Problem description »
Leaving all pictures out, output exactly and only the line containing "Graphical comparison of" and the lines that follow it to the end of the material below.

Data shown »
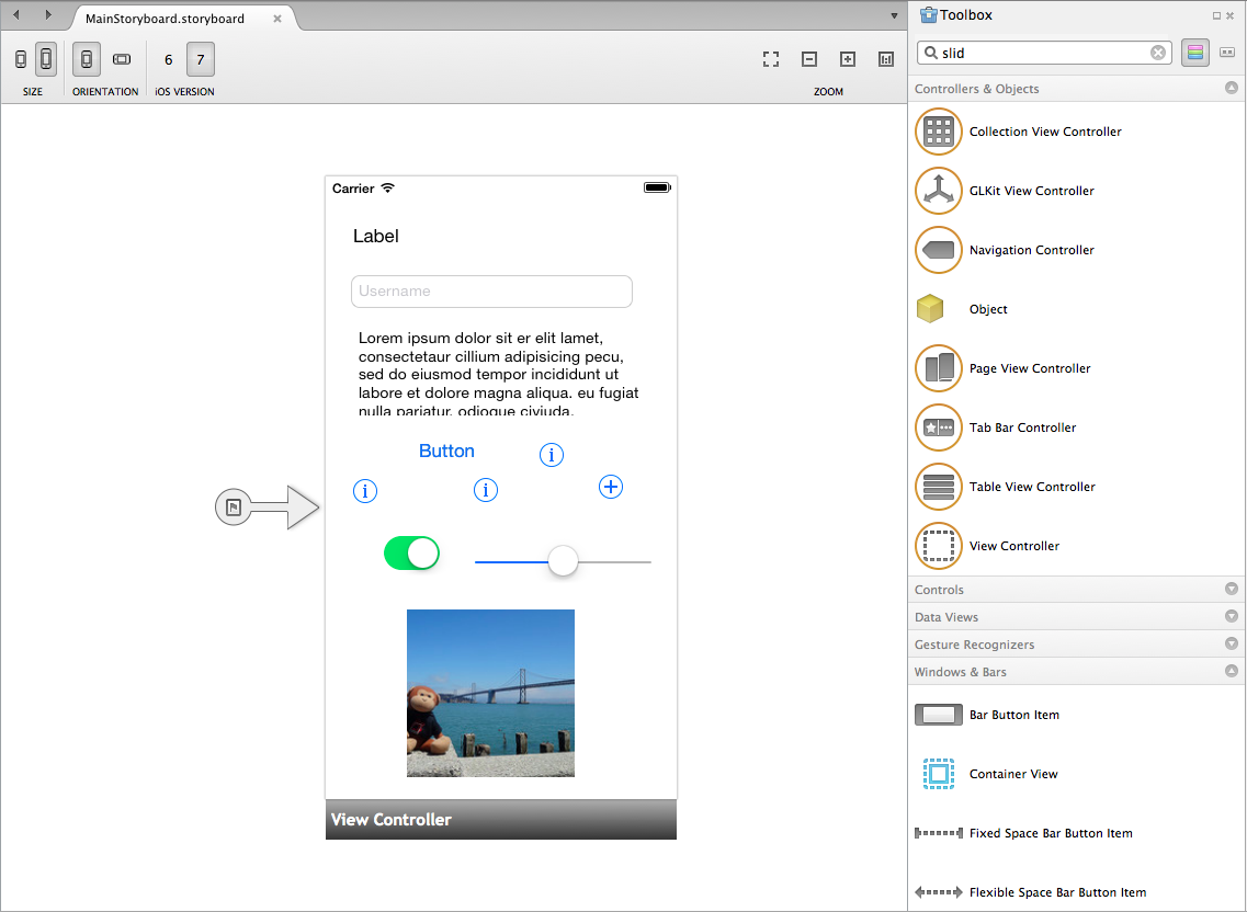 Per iniziare a creare l'interfaccia utente in iOS Designer, fare doppio clic su un file storyboard. I controlli possono essere trascinati nell'area di progettazione dalla casella degli strumenti , come illustrato di seguito:
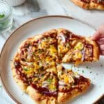 Keywords: naan pizza, easy pizza, barbecue chicken pizza, quick pizza recipe, naan bread pizza, homemade pizza
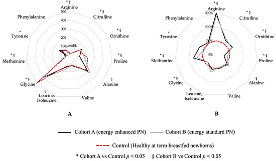 Graphical comparison of amino acid levels in the two study cohorts compared to healthy breastfed-at-term newborns. Figure legend: PN (parenteral nutrition). (A) Blood amino-acids expressed in µmol/L; (B) Blood amino-acid expressed in percentage, considering Control group (dashed red circle) as 100%.
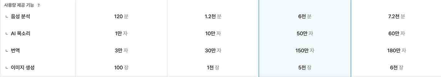 무료 요금제는 음성 분석 120분, 1200분, 6천 분 순, AI 목소리 1만 자, 10만 자, 50만 자입니다.

Solution to this task »
 Graphical comparison of amino acid levels in the two study cohorts compared to healthy breastfed-at-term newborns. Figure legend: PN (parenteral nutrition). (A) Blood amino-acids expressed in µmol/L; (B) Blood amino-acid expressed in percentage, considering Control group (dashed red circle) as 100%.
 무료 요금제는 음성 분석 120분, 1200분, 6천 분 순, AI 목소리 1만 자, 10만 자, 50만 자입니다.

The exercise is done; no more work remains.